North Dumpling Light is a lighthouse on North Dumpling Island in Long Island Sound off Fishers Island, New York, United States. It was constructed in 1849, rebuilt in 1871, and deactivated in 1959, with the aid to navigation being moved to an automated metal tower placed nearby. The lighthouse itself and the grounds around it were sold to a private party. Around 1977, a new owner convinced the U. S. Coast Guard to return the light to the lighthouse and remove the skeleton tower.

==History==
A survey for a suitable location for a lighthouse in the area was undertaken by Lt. George M Bache, who concluded that two small lights, one on South Dumpling Island and one on North Dumpling would be preferable to a single light on North Dumpling. Congress ignored or disagreed with these findings, and authorized funds for a lighthouse on the north island in 1847. John Winthrop the Younger sold the island to the U.S. government in that year for $600. Construction on the light keeper's house and the 25-foot octagonal tower was completed and the light illuminated in 1849, the lens was upgraded in 1855.

A fogbell was placed on the island by the New York and Stonington Steamboat Line, and the keeper was paid an additional $32 a year by the steamship line to operate it. However, when the keep - Alfred Clark at the time - learned that the keeper of Little Gull Island Light was paid $43, he refused to ring the bell any more. A government fog bell was installed in 1854.

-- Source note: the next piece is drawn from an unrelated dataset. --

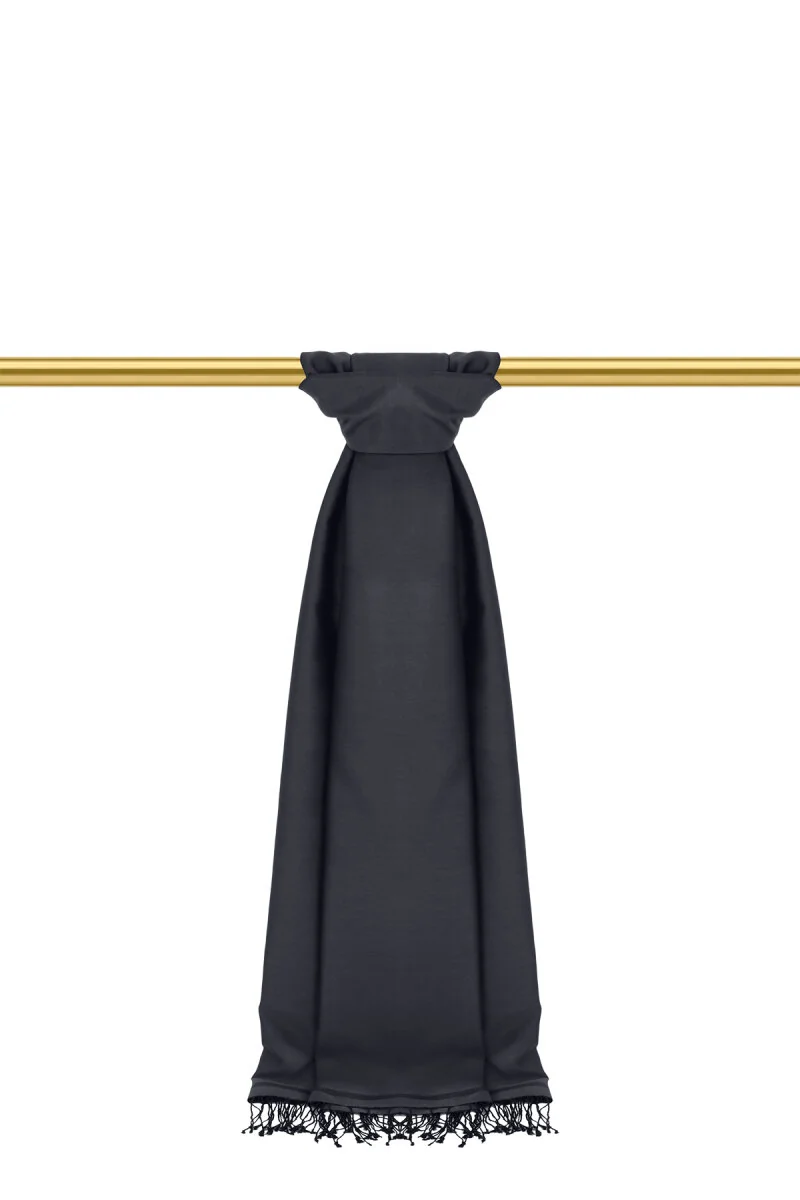 This anthracite black double-sided silk shawl complements both classic and casual styles. It features a firm structure and a shiny appearance, adding value to your wardrobe. Crafted from 100% silk, it offers comfort with its dimensions of 70x200cm. Originating from Bursa, Turkey, this versatile accessory can be used on either side.

The lighthouse was rebuilt and relit in 1871, increasing the size of the tower to 29 feet and adding a mansard roof to the house. In 1893 a fifth order Fresnel lens and a new Funck lamp were installed, replacing the sixth order Fresnel lens that was installed in 1871.

The lighthouse was deactivated in 1959, being replaced by an automated light on a skeleton tower, and the grounds and lighthouse were sold to a private party, George Washburn. The island was purchased in 1977 by David Levitt, president of the Doughnut Corporation of America, who remodeled and expanded the house. Levitt convinced the Coast Guard to move the light back to the stone tower and remove the skeleton tower. Dean Kamen purchased the island for in 1986.